[EXERCISE INSTRUCTIONS]
Your output consists solely of the lines from the one that contains "立教大学 3 - 9 明治大学勝:西城" to the end of the material, each reproduced exactly; pictures do not belong in it.

[AVAILABLE DATA]
- Opening Delimiter -

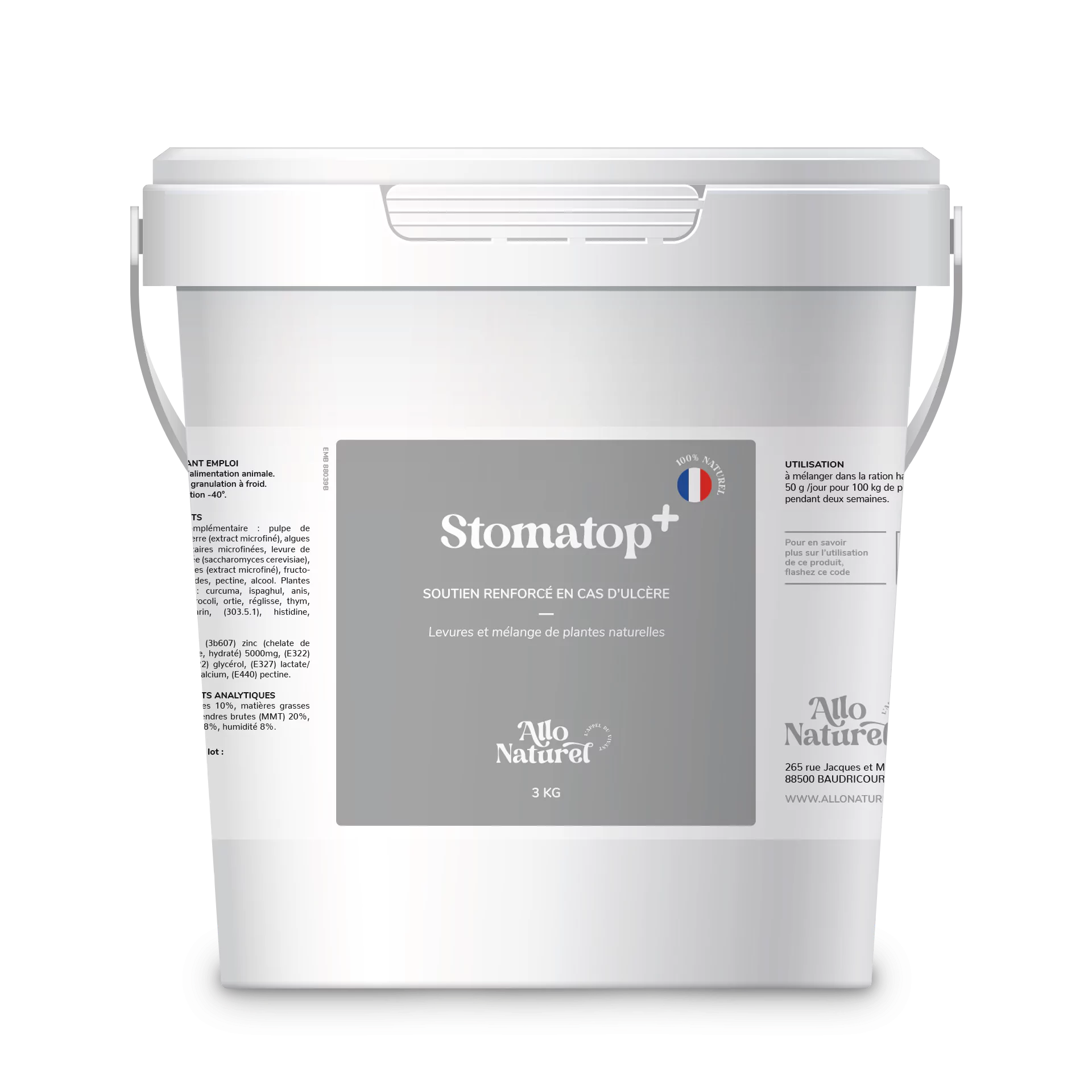 Aliment complémentaire : pulpe de pomme de terre (extract microfiné), algues marines calcaires microfinées, levure de bière inactivée (saccharomyces cerevisiae), algues marines (extract microfiné), fructooligosaccharides, pectine, alcool. Plantes microfinées : curcuma, ispaghul, anis, guimauve, brocoli, ortie, réglisse, thym, souci, romarin, (303.5.1), histidine, alanine.
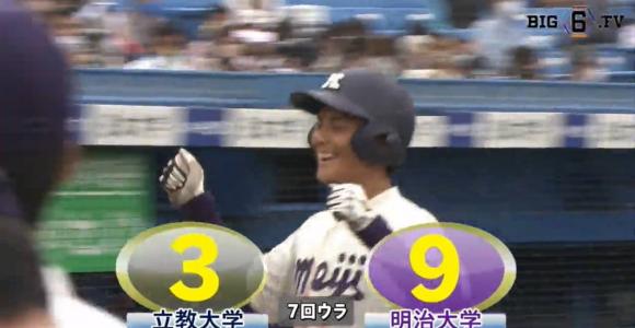 立教大学 3 - 9 明治大学勝:西城 敗:中﨑本塁打:明大・藤江 1号(7回裏)連日の打線爆発!明大が2連勝!立大・中…
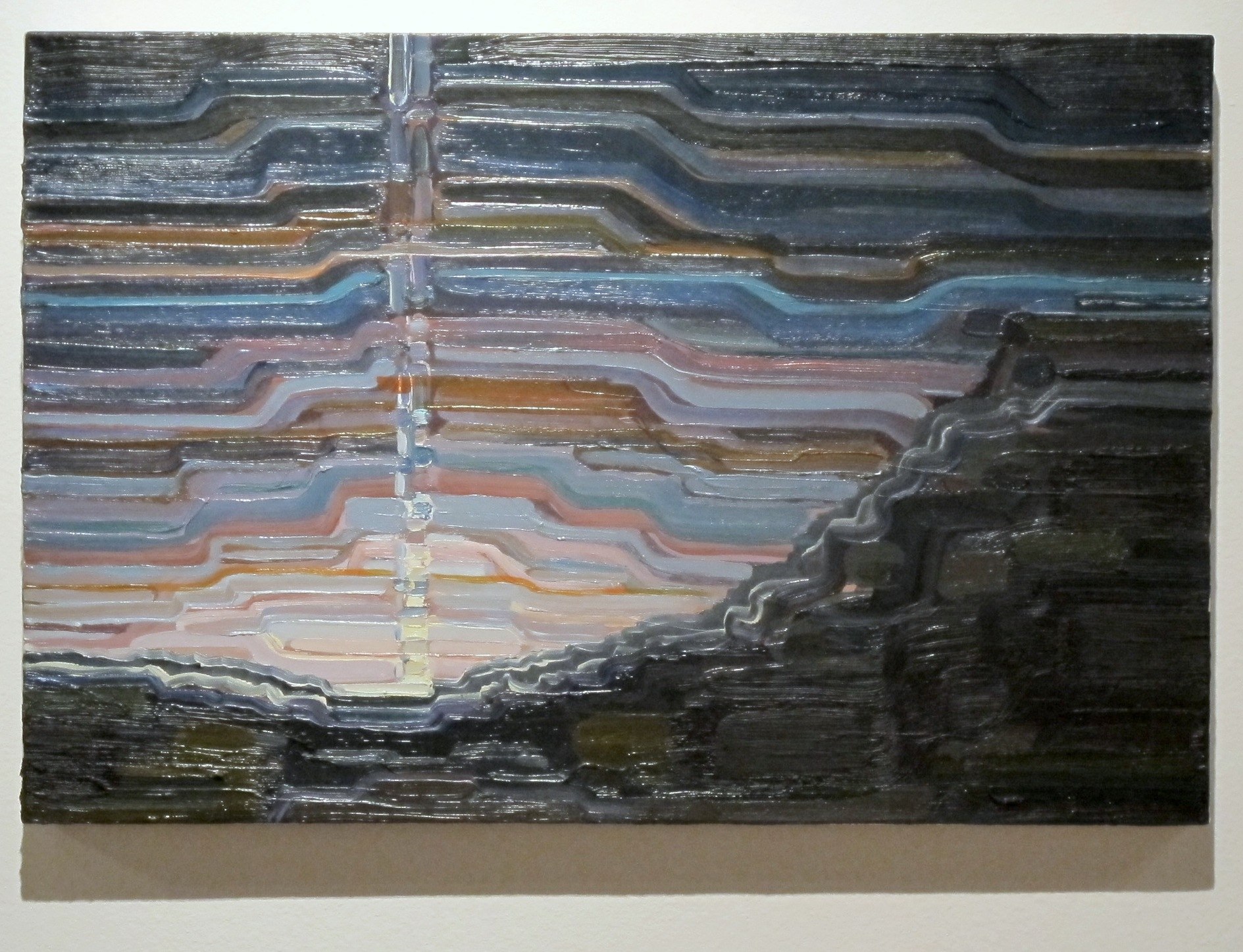 A painting of a colorful sky above a rocky landscape. Thick, wavy, dark blue and brown lines at the top gradually lighten to become pale pinks, oranges, and blues in the middle of the painting. On the right side stands an outcrop with a step-like quality. Almost all of the brushstrokes in this painting are roughly horizontal aside from a line of vertical strokes, just left of center, running upwards through the sky.
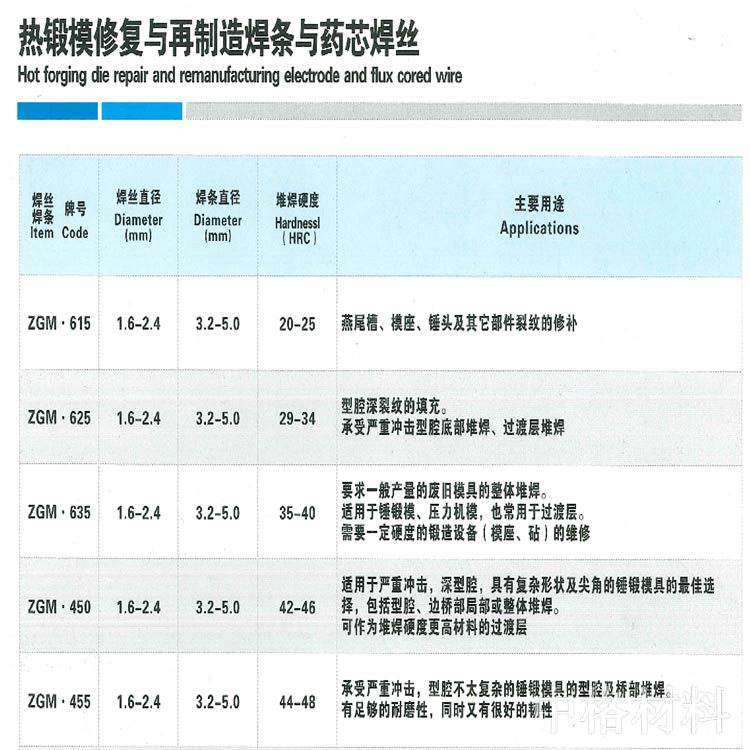 產(chǎn)品名稱:熱鍛模修復與再制造焊條與藥芯焊絲

- Closing Delimiter -

[SOLUTION]
 立教大学 3 - 9 明治大学勝:西城 敗:中﨑本塁打:明大・藤江 1号(7回裏)連日の打線爆発!明大が2連勝!立大・中…
 A painting of a colorful sky above a rocky landscape. Thick, wavy, dark blue and brown lines at the top gradually lighten to become pale pinks, oranges, and blues in the middle of the painting. On the right side stands an outcrop with a step-like quality. Almost all of the brushstrokes in this painting are roughly horizontal aside from a line of vertical strokes, just left of center, running upwards through the sky.
 產(chǎn)品名稱:熱鍛模修復與再制造焊條與藥芯焊絲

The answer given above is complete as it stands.